Deze theorie heeft vele aantrekkelijke kenmerken, waarvan er één het vermogen heeft om de chemische samenstelling van hoog-aluminiumoxide orthopyroxeen megakristen (HAOM) te verklaren. Hierop wordt hieronder nader ingegaan in het deel dat aan HAOM is gewijd. Op zichzelf kan deze hypothese echter geen coherente verklaring bieden voor het ontstaan van anorthosieten, omdat zij niet strookt met, onder andere, enkele belangrijke isotopische metingen die zijn verricht aan anorthositische gesteenten in de Nain Plutonic Suite. De Nd en Sr isotopische gegevens tonen aan dat het magma dat de anorthosieten heeft voortgebracht niet alleen uit de mantel afkomstig kan zijn geweest. In plaats daarvan moet het magma waaruit de anorthosieten van de Nain Plutonic Suite zijn ontstaan, een significante korstcomponent hebben gehad. Deze ontdekking leidde tot een iets gecompliceerdere versie van de vorige hypothese: Grote hoeveelheden basaltisch magma vormen een magmakamer aan de basis van de korst, en tijdens het kristalliseren assimileert het grote hoeveelheden korst.
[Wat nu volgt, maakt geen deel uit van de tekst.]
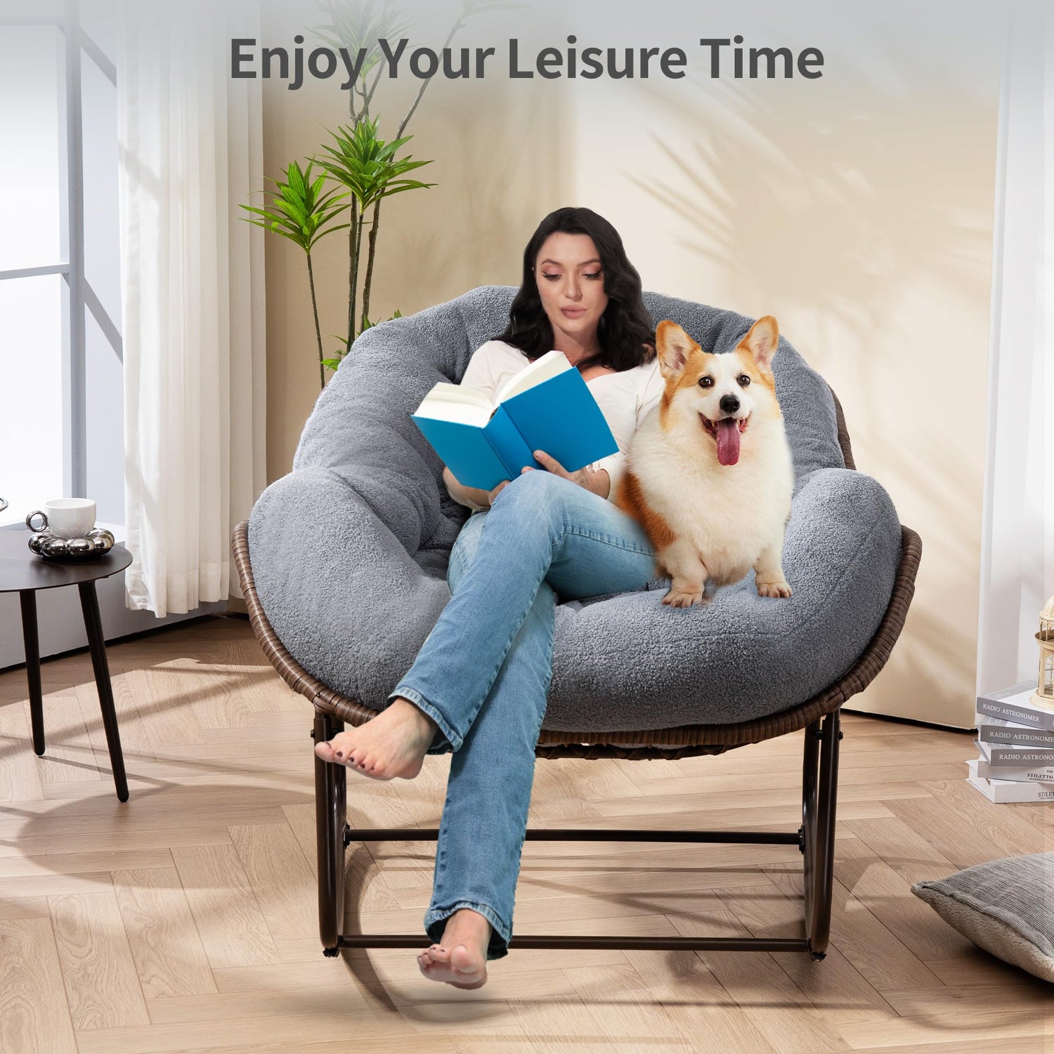 HOMEFUN Outdoor Patio Rocking Chairs, Oversized Papasan Rock Chair Indoor with Teddy Padded Cushion - Rocker Egg for Front Porch, Garden, Backyard Dark Gray

Dit kleine addendum verklaart zowel de isotopische kenmerken als bepaalde andere chemische bijzonderheden van Proterozoïsche anorthosiet. Ten minste één onderzoeker heeft echter op basis van geochemische gegevens overtuigend betoogd dat de rol van de mantel bij de produktie van anorthosieten in feite zeer beperkt moet zijn: de mantel levert slechts de impuls (warmte) voor het smelten van de korst, en een kleine hoeveelheid gedeeltelijke smelt in de vorm van basaltisch magma. Dus anorthosieten zijn, in deze visie, bijna volledig afkomstig van smelt van lagere korstkorrels.